Kommentar& auf Mainz&: Bürokraten ohne Empathie und Menschenverstand untergraben das Vertrauen in den Staat
Da bleibt einem die Spucke weg: Da wird eine junge Frau, schwanger und mit Diabetes, dazu mit hohen Blutzuckerwerten, mitten in der Nacht aus der Mainzer Uniklinik geholt. Sie wird ins Autoverfrachtet, mit Gewalt in einen Flieger getragen – und schließlich samt 1,5 Jahre altem Son nach durchwachter Nacht einfach am Bahnhof Hannover ausgesetzt. Mit Hausschuhen an den Füßen. Ohne ausreichend Geld, um wieder nach Hause zu kommen. Und während das Gepäck fröhlich durch die Republik zurückgondelt, kann die Frau sehen, wo sie bleibt.
In was für einer Republik leben wir eigentlich?
Wer immer das getan hat, wer immer dafür die Verantwortung trägt: Haben die eigentlich noch einen Funken menschlichen Mitgefühls?
Aber nein: Wieder einmal ziehen sich alle auf ihre „Pflichterfüllung“ zurück, bescheinigt jeder dem anderen, einen „richtigen“ Job gemacht zu haben. Auch wenn dieser Fall nach recht und Gesetz verlaufen sein sollte – richtig war das Vorgehen auf keinen Fall. Und was macht die zuständige Landrätin? Flüchtet sich in Floskeln. Weicht aus. Kein einziger klarer Satz zur Situation. Nicht einmal Entsetzen ließ sich Dorothea Schäfer auf der Pressekonferenz am Montag anmerken. Und man fragt sich: Geht’s noch? Wie kann man angesichts eine solchen Falls kein Entsetzen empfinden? Keine klaren Worte zur Durchführung einer solchen Aktion – egal, ob man sie jetzt verteidigt oder verurteilt?
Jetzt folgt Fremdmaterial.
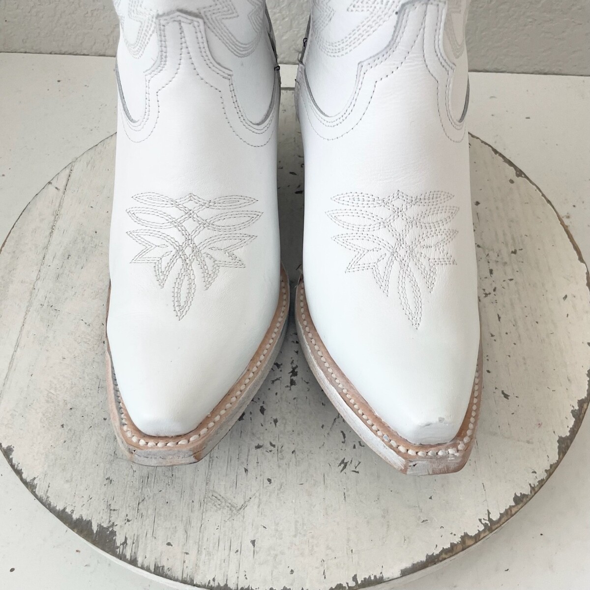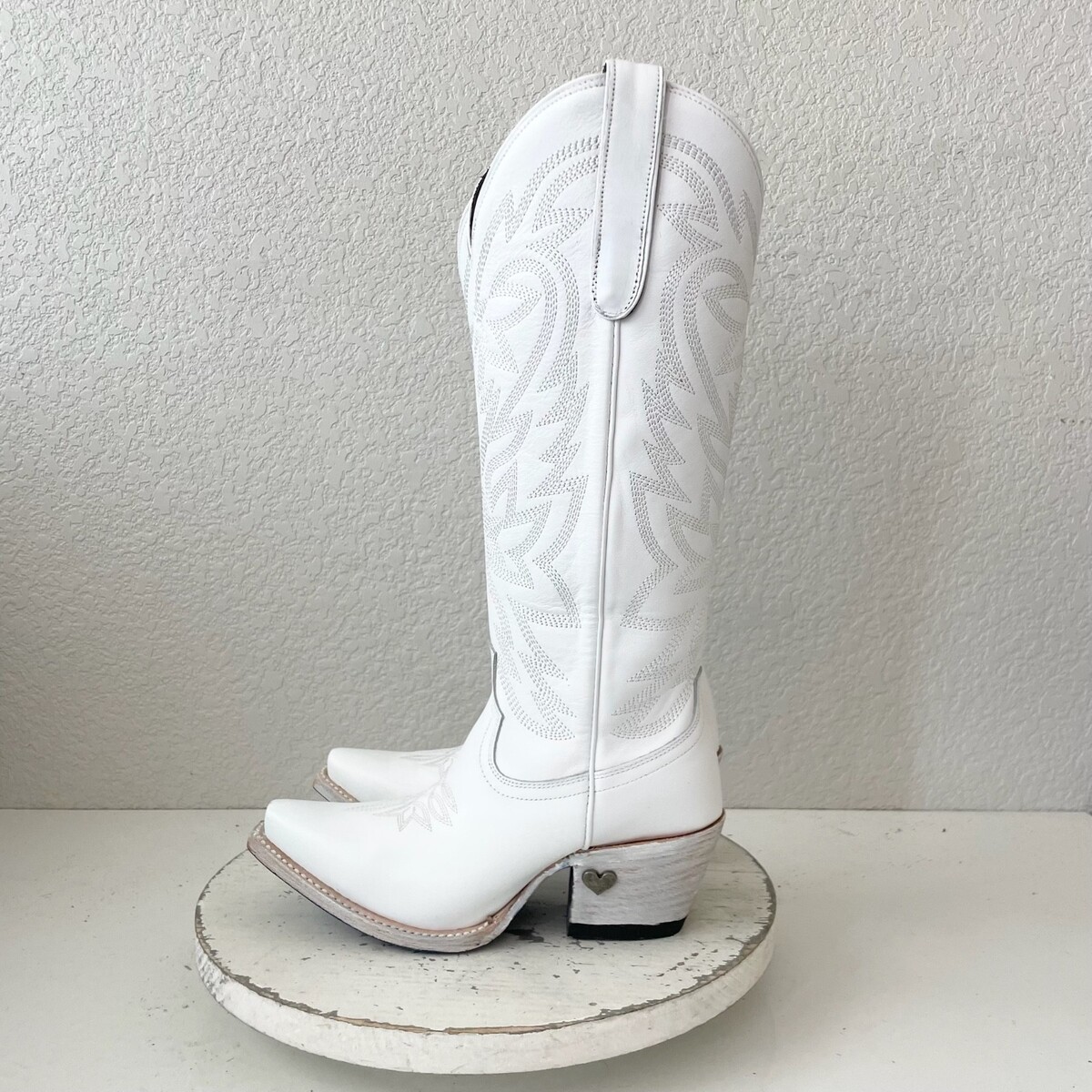 Lane MEGAN MORONEY Boots - SMOKESHOW Womens Cowboy Boots in Matte White Leather with a Western Snip Toe, 15" Mid Calf Tall shaft with Zipper Closure

Wer diese Pressekonferenz am Montag gesehen hat, dürfte sich mit Schaudern abgewendet haben. Wir sprechen den Handelnden nicht ab, Gefühle zu haben, vielleicht haben sie ja tatsächlich gerungen, vielleicht hat es sie wirklich nicht kalt gelassen. Nur: Warum zeigt man das dann nicht? So entsteht der Eindruck von wachsweichen Bürokraten, die Ausweichen, Abwiegeln – und ihr Vorgehen eigentlich völlig richtig finden. Das ist verheerend – für den Eindruck von Bürgern über ihre Politiker, für das Vertrauen in diesen Staat, für die Demokratie. Die Linke hat völlig Recht: Die Behörden haben hier alles falsch gemacht, was man falsch machen konnte.
Wir brauchen dringend eine Diskussion über die Frage, wen wir abschieben wollen, und vor allem in welcher Form. Und es geht einfach nicht an, dass Konservative ständig nach mehr Abschiebungen rufen und den starken Mann markieren – und dann in Baden-Württemberg ein geltender Haftbefehl gegen eine Straftäter nicht vollstreckt wird. Der anschließend ein abscheuliches Vergewaltigungsverbrechen begeht. Aber eine kranke Schwangere bei Nacht aus einem Klinikbett holen und sie dann am Bahnhof aussetzen? Es ist etwas faul im Staate Deutschland, und langsam stinkt es zum Himmel. Wer die Bürger von der Demokratie überzeugen will – bitteschön: Hier ist ein dringendes Problem, das nach Lösung schreit. Mit Recht, Gesetz, Empathie und Menschenverstand, bitteschön.